I just came up with a C# example of how to do this. Suppose you have the following recursive function, which acts like a postorder traversal, and that AbcTreeNode is a 3-ary tree with pointers a, b, c.
public static void AbcRecursiveTraversal(this AbcTreeNode x, List<int> list) {
if (x != null) {
AbcRecursiveTraversal(x.a, list);
AbcRecursiveTraversal(x.b, list);
AbcRecursiveTraversal(x.c, list);
list.Add(x.key);//finally visit root
}
}
The iterative solution:
int? address = null;
AbcTreeNode x = null;
x = root;
address = A;
stack.Push(x);
stack.Push(null)
while (stack.Count > 0) {
bool #return = x == null;
if (#return == false) {
switch (address) {
case A://
stack.Push(x);
stack.Push(B);
x = x.a;
address = A;
break;
case B:
stack.Push(x);
stack.Push(C);
x = x.b;
address = A;
break;
case C:
stack.Push(x);
stack.Push(null);
x = x.c;
address = A;
break;
case null:
list_iterative.Add(x.key);
#return = true;
break;
}
}
if (#return == true) {
address = (int?)stack.Pop();
x = (AbcTreeNode)stack.Pop();
}
}

Strive to make your recursive call Tail Recursion (recursion where the last statement is the recursive call). Once you have that, converting it to iteration is generally pretty easy.

Well, in general, recursion can be mimicked as iteration by simply using a storage variable. Note that recursion and iteration are generally equivalent; one can almost always be converted to the other.
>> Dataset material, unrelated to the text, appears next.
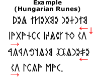 As runas húngaras eram escritas preferencialmente da direita para esquerda, mas também podia se alternar a ordem (primeira linha da direita para esquerda, segunda linha da esquerda para direita, e assim por diante) . Outros sistemas de escrita também utilizam essa ordem (da direita para a esquerda), como o hebraico e o árabe. O sistema de escrita que NÃO utiliza a mesma ordem utilizada pelas runas húngara é:

A tail-recursive function is very easily converted to an iterative one. Just make the accumulator variable a local one, and iterate instead of recurse. Here's an example in C++ (C were it not for the use of a default argument):
// tail-recursive
int factorial (int n, int acc = 1)
{
if (n == 1)
return acc;
else
return factorial(n - 1, acc * n);
}
// iterative
int factorial (int n)
{
int acc = 1;
for (; n > 1; --n)
acc *= n;
return acc;
}
Knowing me, I probably made a mistake in the code, but the idea is there.

Even using stack will not convert a recursive algorithm into iterative. Normal recursion is function based recursion and if we use stack then it becomes stack based recursion. But its still recursion.
For recursive algorithms, space complexity is O(N) and time complexity is O(N).
For iterative algorithms, space complexity is O(1) and time complexity is O(N).
But if we use stack things in terms of complexity remains same. I think only tail recursion can be converted into iteration.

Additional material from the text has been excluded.